Ma che importava? Con un agile balzo scese dal cavallo che montava a pelo e si avviò a passi decisi verso il fiume. Per lavare via dal suo corpo la polvere, il sudore e il sangue. Per rinvigorire le membra con un’energica nuotata in quell’acqua fredda che rifletteva la sua immagine: quella di un sedicenne dinoccolato, dai lunghi capelli rossi raccolti sulla nuca con un lacciolo di cuoio e dai tratti delicati di ragazza,coperto a malapena da una clamide corta, lisa per i troppi bucati, nient’affatto diverso da com’era stato prima che a colpi di sferza e di bastone facessero di lui un uomo e un guerriero.

Il fruscio che percepì alle sue spalle non era il vento di Borea che scuoteva le foglie. Né il brontolare sordo il tuono lontano, presago di un temporale imminente. Era un pericolo, gli diceva l’istinto, e, da guerriero spartiate, doveva fronteggiarlo guardandolo in faccia. Senza tremare. Qualsiasi cosa fosse.

Qualsiasi cosa fosse. Eppure, di fronte a un nemico come quello, anche il più prode degli eroi avrebbe tremato di paura, battendo i denti come sistri: un grosso lupo lo fissava immobile, facendo filtrare un ringhio rauco tra le fauci bavose. Gli avevano insegnato che i lupi temono l’uomo e lo fuggono, ma quell’animale…quell’animale era idrofobo. Lo avrebbe attaccato e, anche se lui fosse riuscito a spaccargli il cuore con un colpo del suo pugnale, una sola, piccola scalfittura di quei denti infetti sarebbe bastata a condannarlo ad una morte terribile.

Tratterrai il dolore, ricaccerai indietro il pianto e la paura anche quando il panico ti torcerà le budella, anche quando il sangue che fluirà rosso dal tuo corpo ti lascerà intendere che la morte è pronta a ghermirti, perché uno Spartiate non trema neppure dinanzi al Fato, il dio a cui tutti si inchinano rabbrividendo. Non ci sarebbe stata la gloria, nel suo destino.Neppure quella di una morte eroica, che avrebbe reso eterno nei secoli il suo nome. La follia avrebbe spinto la belva che lo fronteggiava ringhiando ad attaccare, facendo violenza alla sua natura vile ed elusiva…Non gli avrebbe inflitto ferite gravi, ma sarebbe bastato un graffio e la fine sarebbe stata inevitabile. E atroce. Se una lunga freccia non lo avesse trafitto da parte a parte nello stesso istante in cui spiccava il balzo.

Leonida crollò in ginocchio,il cuore il tumulto, gli occhi incendiati dalle lacrime che non doveva piangere, neppure dinnanzi a un dio.
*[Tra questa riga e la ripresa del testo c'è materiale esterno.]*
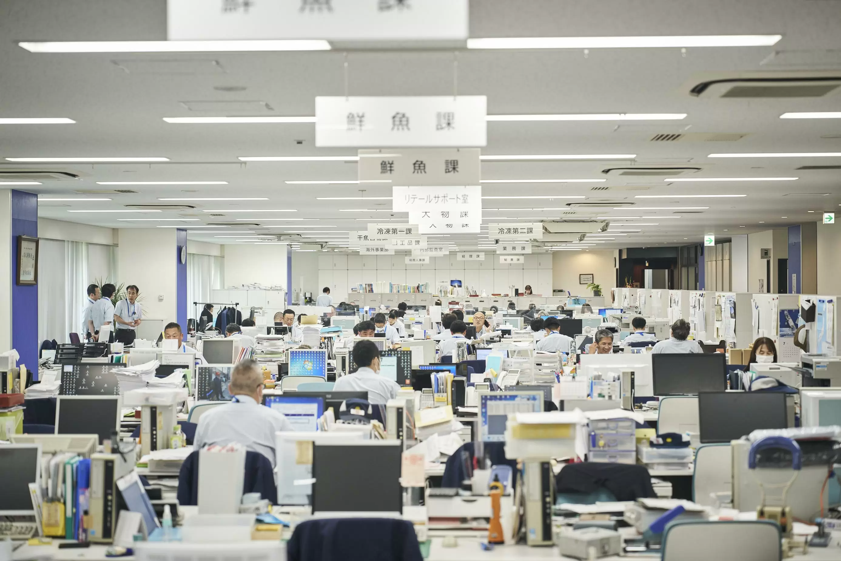 取扱品目は多種多様のあらゆる水産物で、魚種、生鮮・冷凍の違い、加工の度合い、販売先等に応じ下記の各部門が対応しています。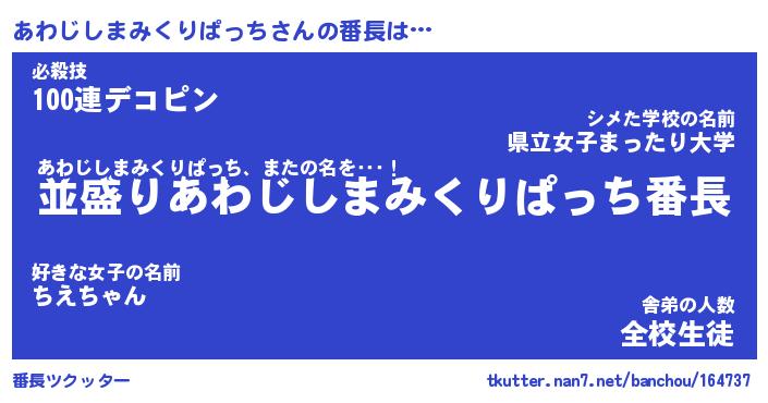 | 伝説のあだ名 | 『不死鳥のスナイパーあわじしまみくりぱっち』 |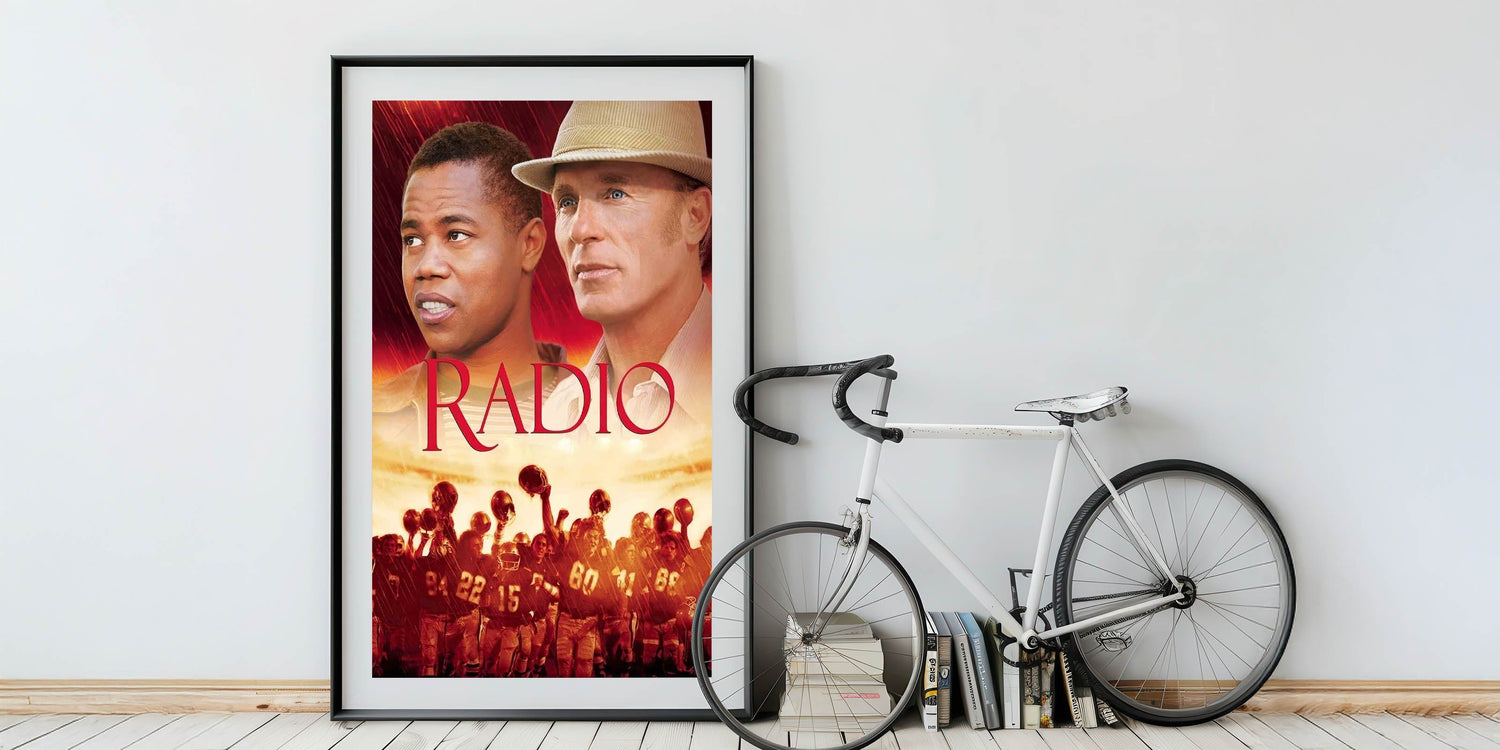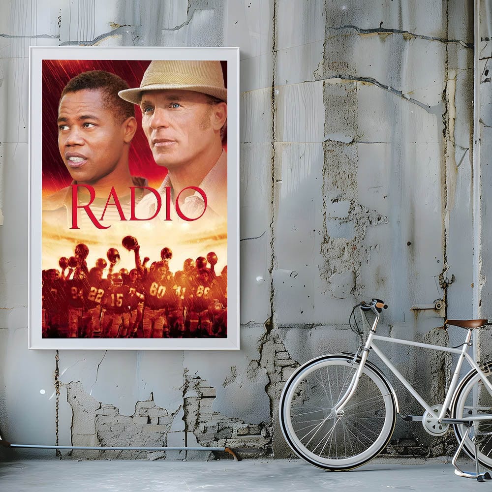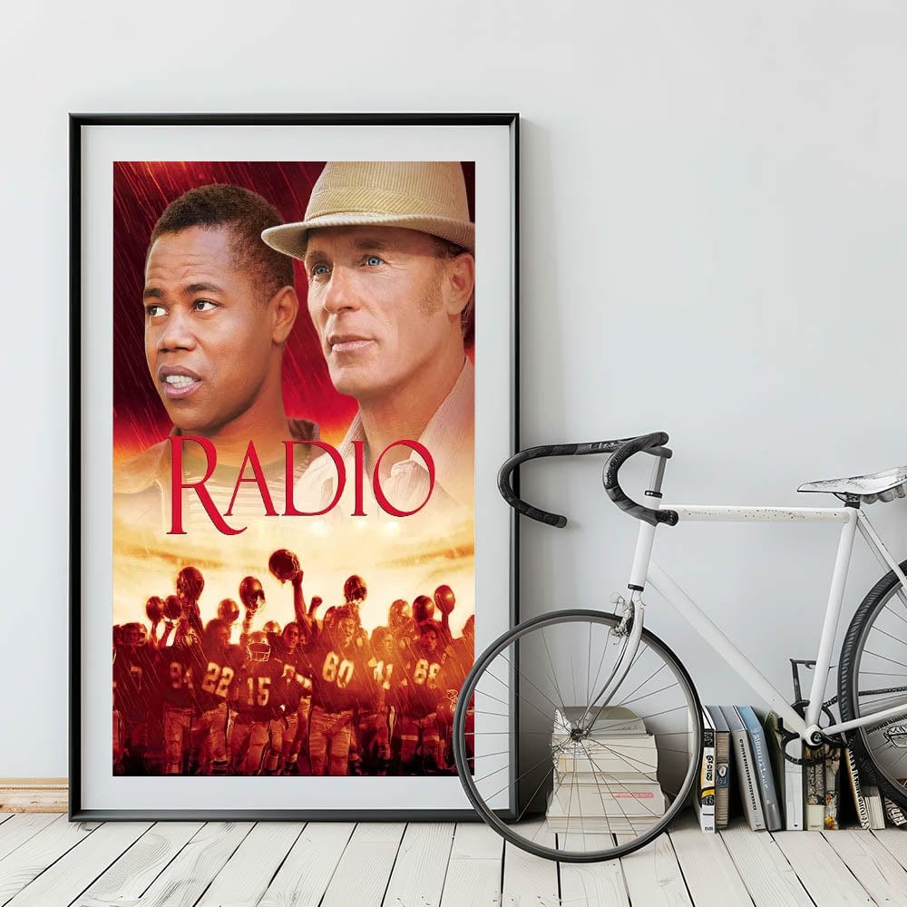 Celebrate the inspiring story of Radio with this vintage 2000s movie poster. This collectible movie poster from the 2000s captures the heartwarming and motivational essence of the film, making it a perfect addition to any movie lover’s collection. Featuring bold red and golden tones, this artistic poster of an iconic 2000s film stands out as a striking display piece for any room.

A Febo, Signore dei Lupi, che gli aveva salvato la vita.

-Non toccarlo.E’ più pericoloso da morto di quanto non lo fosse da vivo.

Ma non era stato il dio a parlargli, con voce cantilenante e accento straniero. Leonida si vergognò che un altro uomo lo avesse sorpreso a tirar su col naso, come un bimbetto piagnucoloso ancora attaccato alle sottane della madre. E si voltò, sussurrandogli grazie con un filo di voce arrocchita.
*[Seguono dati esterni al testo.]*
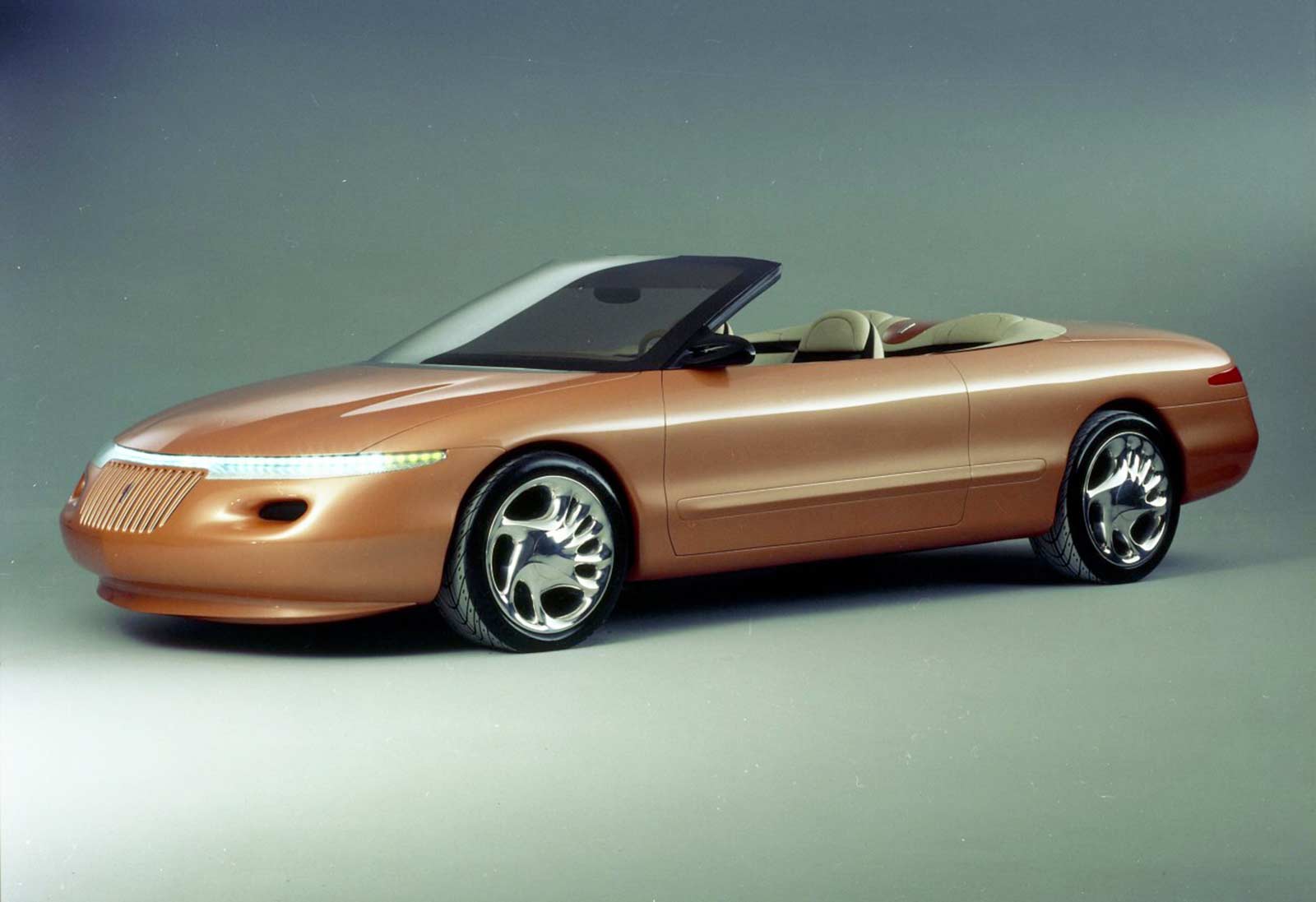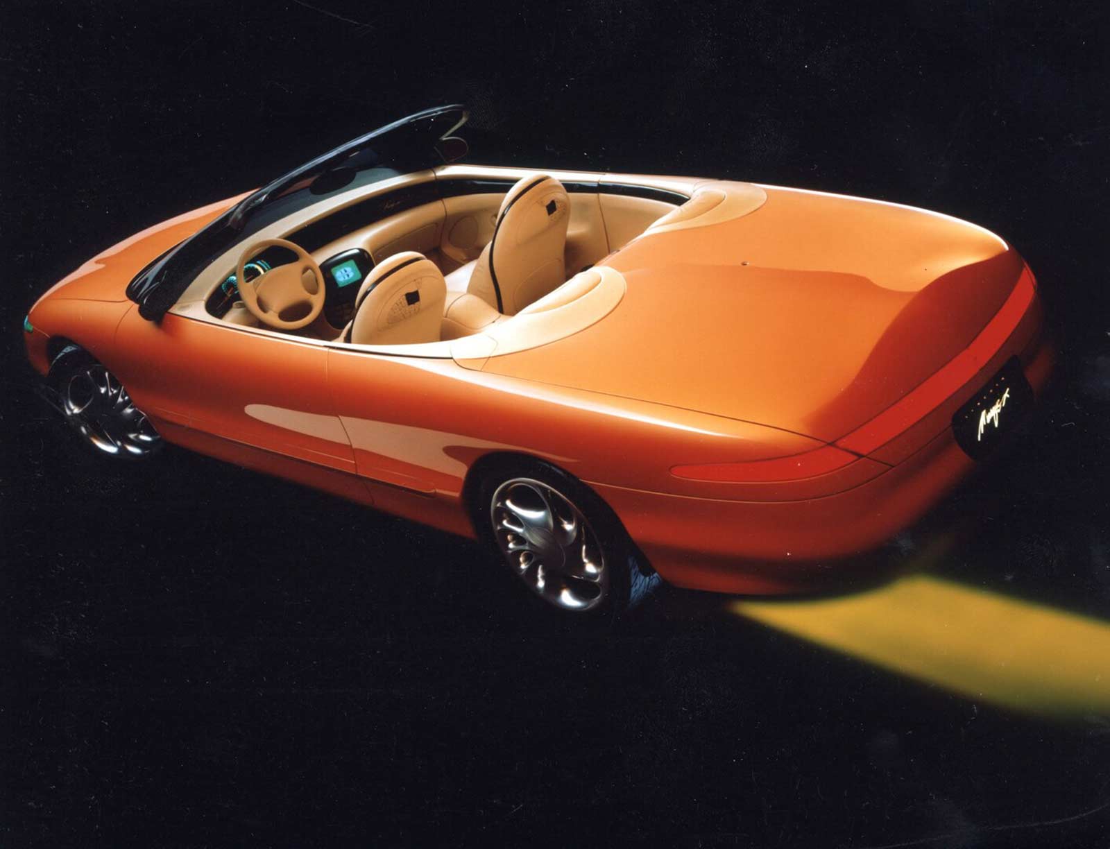 Lincoln's Marque X concept convertible, painted a burnt tangerine pearl orange hue, showcased a cab-forward design to maximize the space available for people. This future flagship featured a simulated spare-tire bulge on its decklid, speed-sensitive front underbody spoiler, low-profile fiber optic headlights, 19-inch cast magnesium wheels, and an electronic, speed-sensitive aerodynamic spoiler. Under the hood sat a 32-valve DOHC V-8, matched to a four-speed automatic transmission. A coded "credit card" was used to start the engine, and in the leather cockpit was a voice-activated telephone, navigation system, and fax machine. For rear passengers, the Marque X contained a pop-up TV and dual temperature food and beverage storage container.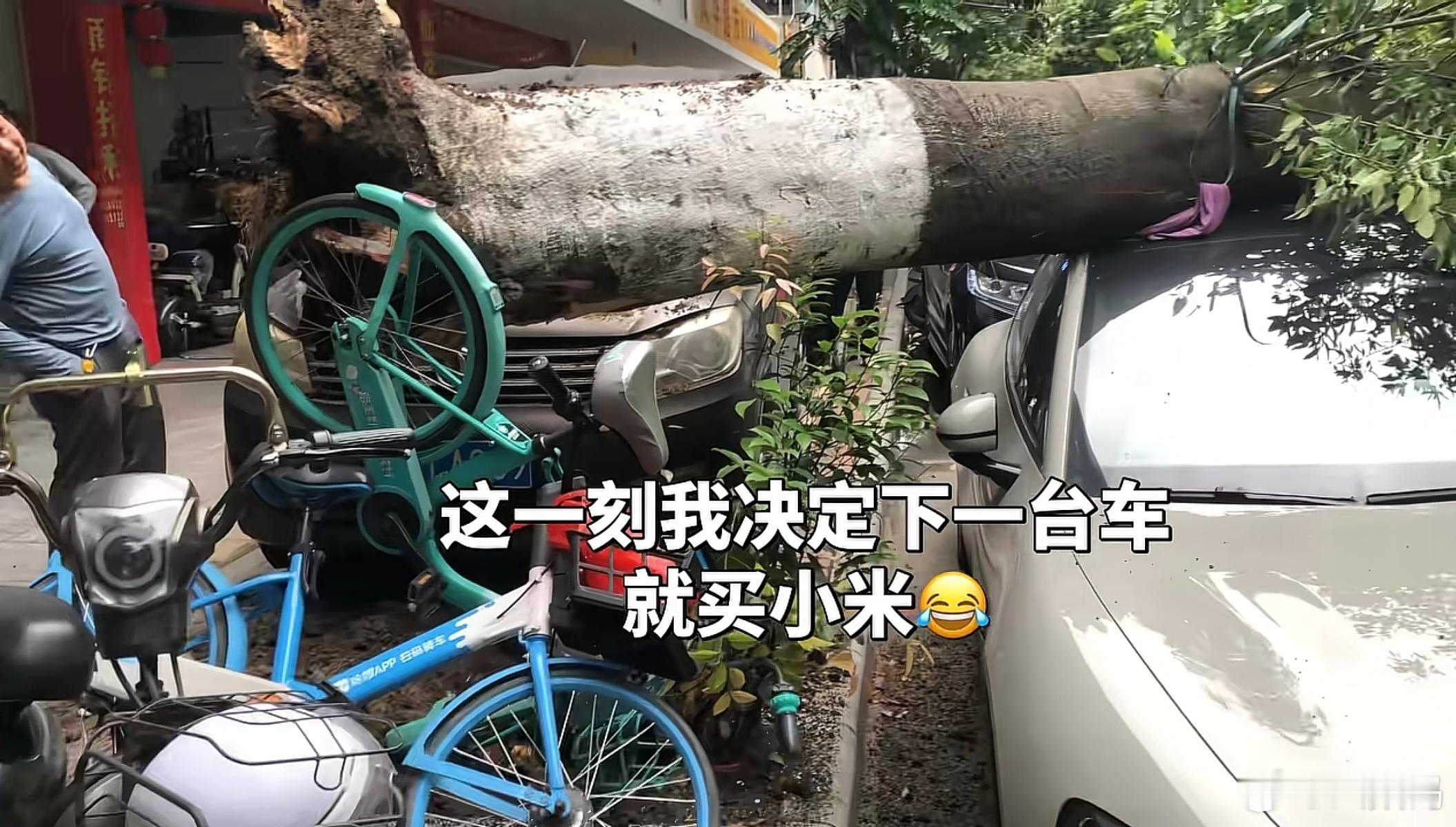 啥才是“安全”?看看这台小米SU7,硬扛倒下的大树,车身无明显变形,甚至连玻璃都

Hai una mira eccellente, straniero di cui non conosco il nome. E l’arco che impugni è degno di un dio, per magnificenza e valore. Ma un’arma deve uccidere con efficienza, non ammaliare per la sua bellezza…Avrebbe voluto dirglielo, ma perché mancare di rispetto a colui a cui doveva tanto?

***

-Dimmi il tuo nome, così saprò chi debbo ringraziare. Quel che hai fatto per me non c’è oro che possa ripagarlo.

E adesso mi dirai che tutto l’oro del mondo non vale la vita del più miserabile tra gli schiavi, straniero? Eppure, quelle parole sarebbero suonate strane in bocca a un uomo abbigliato con un fasto che non solo nella sua austera città ma perfino ad Atene o a Corinto sarebbe stato giudicato esecrabilmente sfarzoso, barbarico ed effeminato.
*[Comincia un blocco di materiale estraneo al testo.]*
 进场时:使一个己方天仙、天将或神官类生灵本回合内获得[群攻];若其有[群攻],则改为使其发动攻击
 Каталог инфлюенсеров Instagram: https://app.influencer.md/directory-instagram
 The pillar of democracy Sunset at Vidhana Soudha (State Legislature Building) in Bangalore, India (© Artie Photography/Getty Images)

-Mi chiamo Shapur. Passavo da queste parti per caso e…

La voce grave era molto più adulta dell’età che doveva avere. Come i suoi gesti lenti, pacati e solenni. Era bruno e olivastro come i miserabili iloti*, feccia della terra. Oro e argento gli scintillavano ai polsi e alle orecchie, come a una cortigiana. Eppure Leonida non avrebbe avuto dubbi circa la sua natura nemmeno se non lo avesse visto tendere l’arco, scoccare la freccia, uccidere il lupo rabbioso. Perché quel giovane alto,dai lunghi riccioli neri raccolti in una complicata acconciatura era un guerriero. Come lui.

Il suo fato, già. Straniero, quindi nemico, un dogma nel quale gli era stato insegnato a credere senza discutere dacché aveva raggiunto l’età della ragione. Straniero, nemico…E aveva salvato qualcuno destinato ad essere re. Ammesso che riuscisse a crederlo, guardando la sua clamide scolorita, i suoi piedi callosi dentro i logori sandali, come un contadino qualsiasi.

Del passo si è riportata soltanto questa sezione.